Sunday, March 13, 2016

God sends us to the goal of glory – John 8:1-11, Isa 43:16-21, Phil 3:8-14

Lent, Yr C, Wk 5; Basilica of the Sacred Heart (ND).

The saddest thing about this gospel is that they walked away, these people with stones in their hands.  And there’s pretty stiff competition for the saddest thing about this gospel.  There’s the fact that there were going to stone a woman to death.  There’s their desire to test Jesus.  There’s the possibility that an act of adultery had been occurring, and we have to stand back and also be just as saddened, nay outraged, that we don’t know who consented to what in this encounter.  There is a lot to lament in this Gospel, about this happening retold to us, and about people and events in our lives whose memories it evokes.  But, I still contend that the saddest thing about this gospel is that they walked away, these people with stones in their hands.

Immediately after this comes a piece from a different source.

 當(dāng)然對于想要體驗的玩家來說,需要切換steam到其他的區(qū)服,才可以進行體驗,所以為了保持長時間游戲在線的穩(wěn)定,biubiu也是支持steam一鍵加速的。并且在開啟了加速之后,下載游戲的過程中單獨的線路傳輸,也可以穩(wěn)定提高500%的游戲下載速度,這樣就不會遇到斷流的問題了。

Of course, I don’t mean that it would sadden me less if they had cast those stone, if they had added murderous defilement of human life to the sins of their hearts.  No, it saddens me that they didn’t drop their stones and go to Jesus.  And what gives me hope, what gladdens my heart, what excites me to strive for holiness, what allows me to proclaim this as gospel, as good news: is this woman, that she stays.  And unlike these people with stones in their hands, who desert, who flee, who cannot bear to be in the presence of the one who has convicted them of their sins, she is sent.

All depart, but only she is sent by Christ.  Only she leaves having been raised up, head held high to gaze in wonder, love and awe at the lofty grandeur of mercy incarnate; they skulk away, with heads bowed, made lower.  And that still saddens me.  If I’d have been writing this story, they would have dropped their stones and gone to Jesus for healing, and been sent and done wondrous things in his name.  I didn’t write that story; but, I can help write a new story, we can help write a new story: a story in which sinners never skulk away but come to Jesus and are sent out with heads held high.  Lament can become fuel for zeal.  And if we want to invite others to God’s mercy we have to start by encountering it for ourselves.

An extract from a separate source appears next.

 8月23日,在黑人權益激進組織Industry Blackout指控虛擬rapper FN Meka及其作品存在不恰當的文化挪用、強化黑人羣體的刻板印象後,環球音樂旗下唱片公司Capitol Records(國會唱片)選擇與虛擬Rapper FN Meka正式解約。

Throughout our lives, and maybe particularly in this season of Lent, we find ourselves convicted of our sins and experience compunction.  And however God uses the created order to show us that, it is the Spirit who convicts, who shows us the stones in our hands, that we don’t know how they got there; or the stones a stone’s throw away from us, that in our heart of hearts we did not want to hurl, but we did.  And I don’t want to homogenize all sin, to say that all sin is equally deadly or equally vicious.  But all sin is sin, and what I long for is for us each to drop it, but not skulk away; instead, to come to Jesus and leave sent.


These past few Lents, I’ve made part of my fasting to fast from taking the best available parking space, to try and train myself to think humbly of others as more important than myself, to recognize that someone else has heavier bags, a tighter schedule, or more fatigue in their bones.  I’ve found the main value of this fasting has been to show me quite how bad at it I am.  How often my autopilot spidey-sense parking spot finder just locates me, right there next to the store, avoiding only the disabled parking spots (out of fear of a ticket, not love for the disabled).  And, then I start to justify staying there to myself, “well, it would be a waste of gas to move now,” and this year I can even footnote my excuse with Laudato Si’, and skulk away from trying to drop the stone of selfishness.

Here, in this place, in this Mass, we do not skulk away.  We don’t just leave right after the penitential act.  We acknowledge our sins, we profess our longing to drop our stones, and then we stay, and we hear the words of everlasting life.  We have our tender, intimate encounter with Jesus.  We pray, through the priest’s prayer that precedes the sign of peace, that God would not look upon our sins, but upon the faith of the Church.  And we trust that He is faithful in answering that prayer.  I’ve found that as I pray it in our name, I can’t help but briefly do what I’m asking God to do, and look over the congregation marveling at the faith of the Church, tasting for a brief moment what it means to look without judgment.  And then we’re sent.  “Go.”  “Go in peace, glorifying the Lord by your life.”

We are sent, with the woman who was sent.  We are sent to seek those who skulked away and invite them to this wondrous going forth, this pilgrimage together to holiness.  We are sent to seek those with stones still in their hands, and invite them on the same journey.  It’s a journey in response to that upward calling of which St. Paul wrote, being raised to walk with heads held high because we gaze with love and longing at what lies ahead, and with arms outstretched to beckon others to join us on the way because we want to share that with them.


And it is hard.  It does require straining forward.  But, we’re not journeying under our own steam.  Our reading from the book of Isaiah proclaims how God acts to create that way for us: that paths are forged in seas; deserts are watered; wild beasts made not just benign, but devout.  All this that we might come to our goal; that we, the people God formed for Himself, might announce his praise.